Building the Knowledge Economy, Transforming Cities? Transnational Urban Education Zones in the Nexus of Urban and National Economic Development Strategies in the Globalising West Asia and North Africa Region
Research department: Economy and Civil Society
IRS Research Topic: Shared Knowledge - Locally and Over Distance
Project Leader within IRS: Tim Rottleb
Funding Organization: Leibniz Association
Duration: 05/2018 - 04/2022
Against the backdrop of an increasingly globalising higher education landscape worldwide, we can observe that a few countries particularly invest in hosting relatively large numbers of offshore campuses of foreign providers of higher education. Zooming in further, certain cities stick out in having established designated urban areas for these offshore campuses: transnational urban education zones (TUEZs). These purpose-built urban areas usually provide infrastructure and/or exemptions from national regulatory systems. Although the exact physical form of TUEZs can differ, they are all - in differing degrees - discursively connected to the notions of the knowledge-based economy, future economic transformation and global city imaginaries.

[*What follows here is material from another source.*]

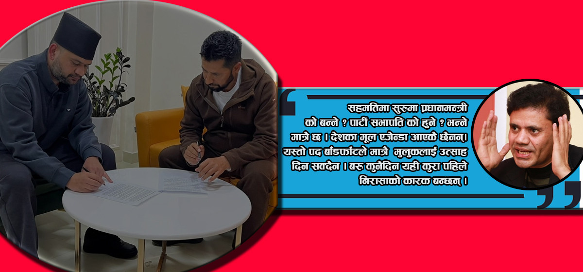 अर्का राजनीतिक विश्लेषक मुमाराम खनाल बालेन–रवि सहमतिमा पदको बाँडफाँट मात्रै देखिएको बताउँछन्। ‘उनीहरूको सहमतिमा सुरुमा प्रधानमन्त्री को बन्ने? पार्टी सभापति को हुने? भन्ने मात्रै छ,’ खनाल भन्छन्, ‘त्यहाँ देशका मूल एजेन्डा आएकै छैनन्। त्यसैले पद बाँडफाँटले मात्रै मुलुकलाई नयाँ उत्साह दिन सक्दैन।’ कुनै दिन यही कुरा पहिले जस्तै घोर निराशाको कारक बन्ने उनले दाबी गरे।

Four of these zones are located in three cities in the Arab Gulf sub-region: Dubai International Academic City and Dubai Knowledge Park in Dubai, RAKEZ Academic Zone in Ras al-Khaimah in the United Arab Emirates (UAE) and Education City in Doha, Qatar. Here, these zones appear to be on the one hand part of distinctive urban development dynamics that involve the making of the respective cities as places worthy of foreign direct investment and situating them as central nodes in global flows of capital, ideas and people. At the same time, they can be understood as urban manifestations of national developmentalist strategies formulated in numerous “Visions” and government statements aiming at economic diversification away from a natural resources-based economy towards a knowledge-based economy.
This dissertation project, situated at the interface of urban and economic geography, aims to answer the question: Why are TUEZs established in cities in the Arab Gulf sub-region and how are they embedded in urban and economic development strategies? Based on a content analysis of qualitative interview data and various text-based sources such as strategic documents university websites and media reports as well as observations on the ground, it applies a political economy lens in order to make sense of the phenomenon in its specific historical-material situation.
The dissertation project is supervised by Dr. Jana Kleibert (Department of Geography, Humboldt Universität zu Berlin).